CH3COOH(aq) + OH–(aq) → CH3COO–(aq) + H2O(l) | ||||
S (Start) | 0.002500 | 0.003750 | 0 | – |
C (Change) | -0.002500 | -0.002500 | +0.002500 | – |
F (Finish) | 0 | 0.001250 | 0.002500 | – |
The last step is to ask ourselves “What’s left in the beaker?” We have both excess strong base and the conjugate weak base. We can use a very accurate approximation here to make solving for the pH much easier. The excess strong base will affect the pH much, MUCH more than the leftover conjugate weak base. So we will approximate the pH by the strong base alone by first calculating the concentration of the [OH–].
[OH–] = [latex]\frac{0.001250\ moles\ OH^{-}}{0.06250\ L}[/latex] = 0.0200 M OH–
pOH = -log[OH–] = -log(0.0200) = 1.70
pH = 14.00 – pOH = 14.00 – 1.70 = 12.30
Note that this result is the same as for the strong acid-strong base titration example provided earlier in this chapter, since the amount of the strong base added moves the solution past the equivalence point.
Check Your Learning
Calculate the pH for the weak acid/strong base titration between 50.0 mL of 0.100 M HCOOH(aq) (formic acid) and 0.200 M NaOH (titrant) at the listed volumes of added base: 0.00 mL, 15.0 mL, 25.0 mL, and 30.0 mL. (Ka HCOOC is 3.0 × 10-4)
Answer:
0.00 mL, pH = 2.26; 15.0 mL, pH = 3.70; 25.00 mL, pH= 8.17; 30.0 mL, pH = 12.097
Flow Chart for Acid & Base Problems
Solving for concentrations and pH values in acid/base reactions can seem confusing how to approach at first. However, there are four primary scenarios that you will encounter, shown in Figure 1 below.

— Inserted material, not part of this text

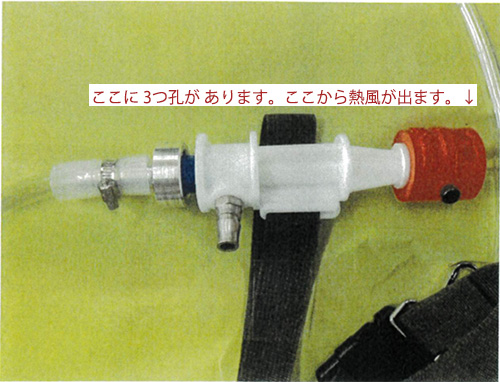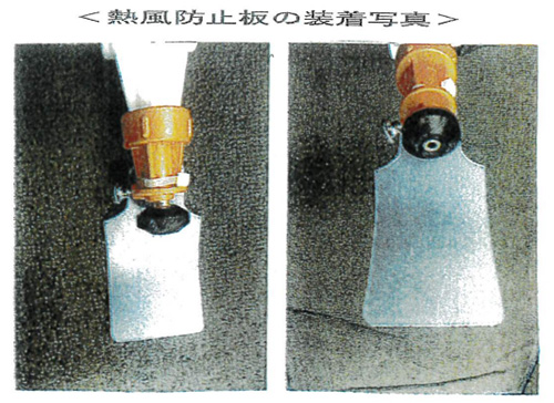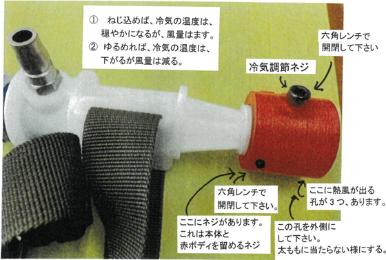 ■M826CL-SJ改良点 ①以前は、ホットエアシールド(熱風防止板) を付けて、販売しておりましたが、これは、それが要りません。 ②黒バルブが、風圧ではずれる事がありました。その心配もありません。 ![]() ボディは、材質が、 柔らかいので、 軽く六角レンチで、 回して下さい。 力いっぱい回すと 壊れやすいです。 ●改良型赤ボディ ![]() ●従来品 ![]() ●従来の赤ボディ ![]() ■M826CL-SJに装着の熱風防止板 (オプション品)/品番 M826CL-SJP1 ![]() 「M826CL-SJ」は、コンプレッサーから供給されるエアーを冷風と温風に分離して上部からは冷風を装着者に、下部からは熱風を 外気に放出します。 コンプレッサーからのエアー温度が高かったり、上半身に供給する冷風温度 を極端に下げた場合は、下から排出する熱風温度は60℃以上に達する ことがあり、装着者の腰部にこの熱い風が当たれば「熱い!」です。 ご紹介する「熱風防止板」は、その熱風が直接、身体下部に当たらないで 反射放散するようにするもので、別売りしています。 もし、「M826CL-SJ」を購入される時にこの熱風防止板付きを望まれる場合は追加¥500で装着した上、納品させて頂きます。 (既に「M826CL-SJ」をお使いの方で、この部品を自分で装着されたい場合は、600円プラス送料でお送りいたします。) |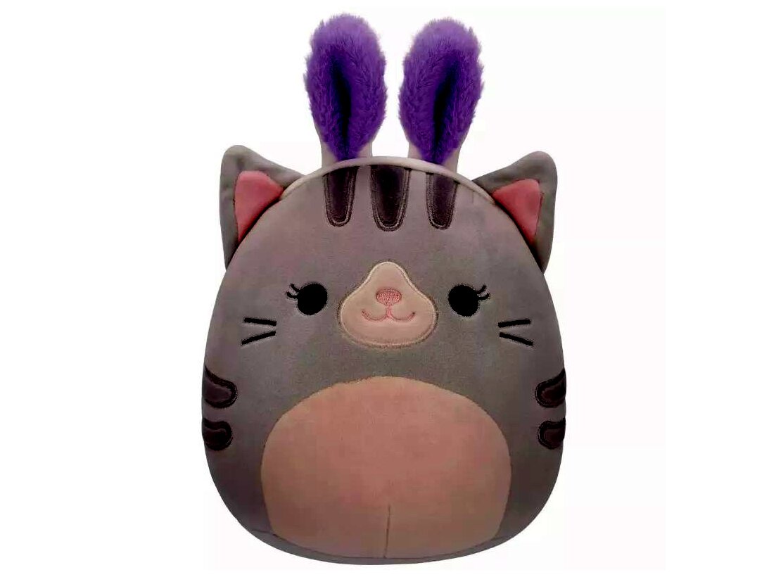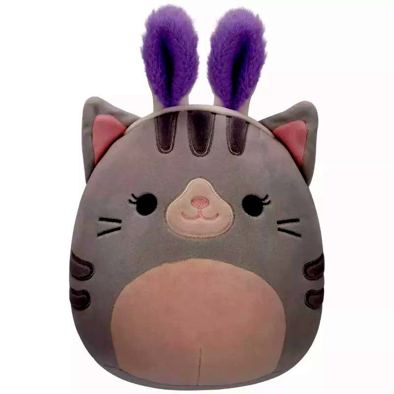 Squishmallows, Tally a szürke cica plüss nyuszifülekkel, 20 cm

- The first scenario is in green, when you only have a weak acid or a weak base in water. We encounter these problems earlier this semester when studying acids and bases. Since both reactants are weak and do not dissociate 100%, the first step will be to write out the correct reaction and set up an ICE table.
- The second scenario is in red, when you only have a strong acid or a strong base in water. We also encountered these types of problems earlier this semester when studying acids and bases.
- The third scenario is in blue, when you have both an acid and a base reacting and one or both of them is strong. These are a typical titration problem and will require the most work of the four scenarios as there is always a second step to finish the problem.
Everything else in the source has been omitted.